• **PROVIDED DATA**
########

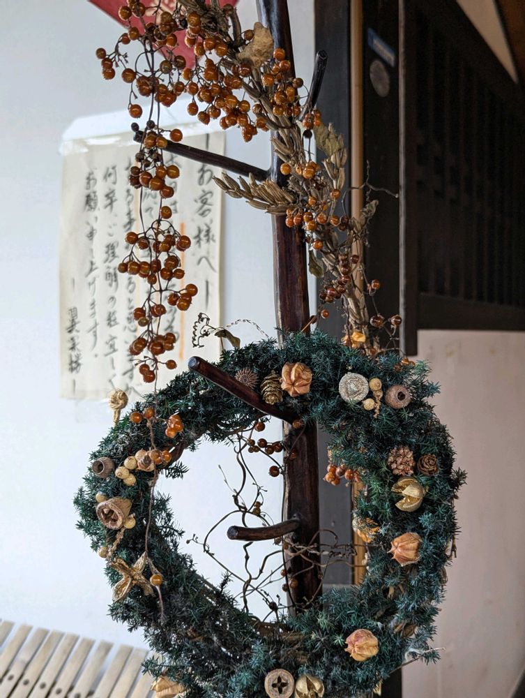 古民家風の店内にはクリスマスの飾り
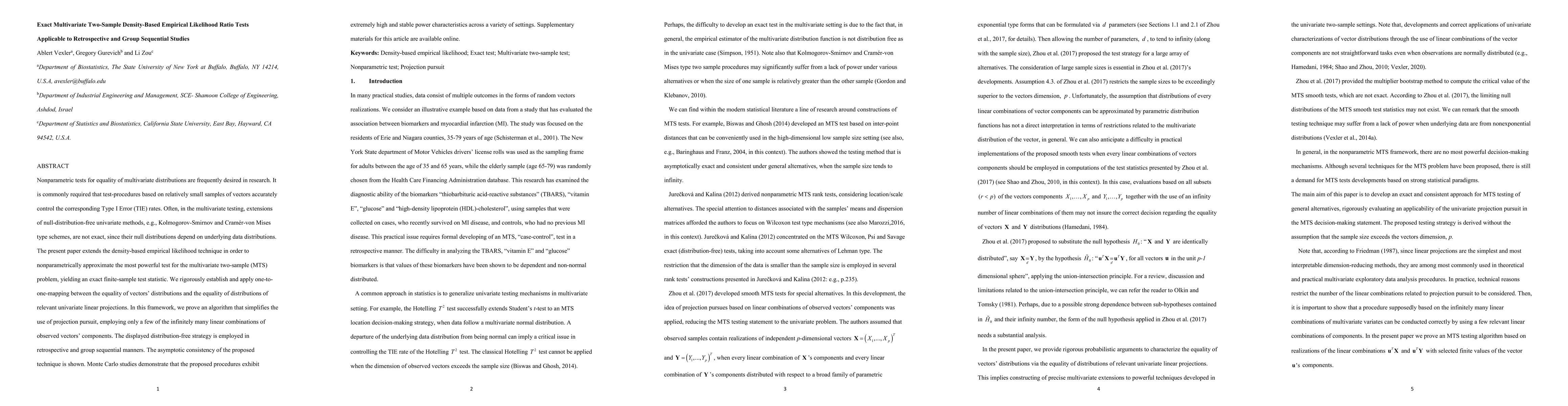 This paper presents an exact multivariate two-sample density-based empirical likelihood ratio test for small sample sizes, applicable to retrospective and group sequential studies. The proposed method accurately controls Type I error rates and demonstrates high and stable power through Monte Carlo simulations.
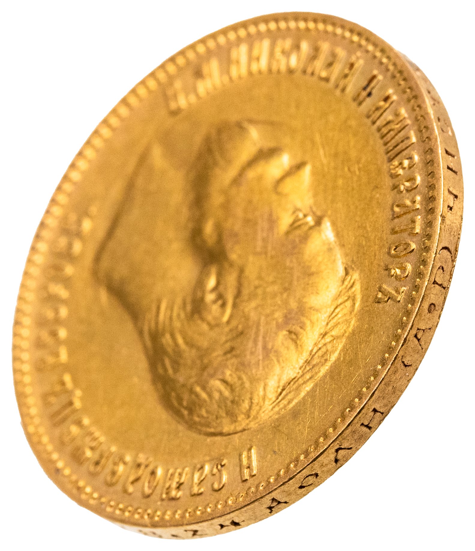 В центре профильный портрет влево императора Николая II. Слева от портрета надпись «Б.М. НИКОЛАЙ II ИМПЕРАТОРЪ», справа - «И САМОДЕРЖЕЦЪ ВСЕРОСС.». По окружности канта имеются рельефные элементы, выполненные в виде зубцов.
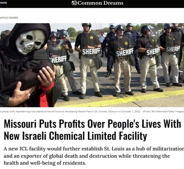 We understand this facility will bring not only health hazards to residents, but also possible military retaliatory consequences due to the nature of ICL's business and their complicity in now Internationally recognized War Crimes against civilians in Gaza and Lebanon.
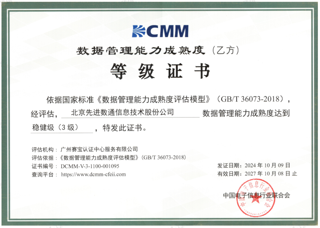 近期,中国电子信息行业联合会公布了最新一批顺利获得数据管理能力成熟度(DCMM)贯标等级认证的企业名单。米兰(中国)AC米兰成功取得数据管理能力成熟度稳健级(三级)认证。这一认证的取得,标志着米兰(中国)AC米兰在数据治理体系构建和数据管理与应用能力方面,已经达到了国家权威组织认可的标准。这不仅是对米兰(中国)AC米兰在数据管理领域专业能力的肯定,也是对其在有助于数字化转型服务和数据驱动决策方面所做努力的认可。

########

• **WORK TO BE COMPLETED**
Copy, without the pictures, exactly the lines from the line with "We understand this" through the end of the material above, both ends included.

• **TASK ANSWER**
 We understand this facility will bring not only health hazards to residents, but also possible military retaliatory consequences due to the nature of ICL's business and their complicity in now Internationally recognized War Crimes against civilians in Gaza and Lebanon.
 近期,中国电子信息行业联合会公布了最新一批顺利获得数据管理能力成熟度(DCMM)贯标等级认证的企业名单。米兰(中国)AC米兰成功取得数据管理能力成熟度稳健级(三级)认证。这一认证的取得,标志着米兰(中国)AC米兰在数据治理体系构建和数据管理与应用能力方面,已经达到了国家权威组织认可的标准。这不仅是对米兰(中国)AC米兰在数据管理领域专业能力的肯定,也是对其在有助于数字化转型服务和数据驱动决策方面所做努力的认可。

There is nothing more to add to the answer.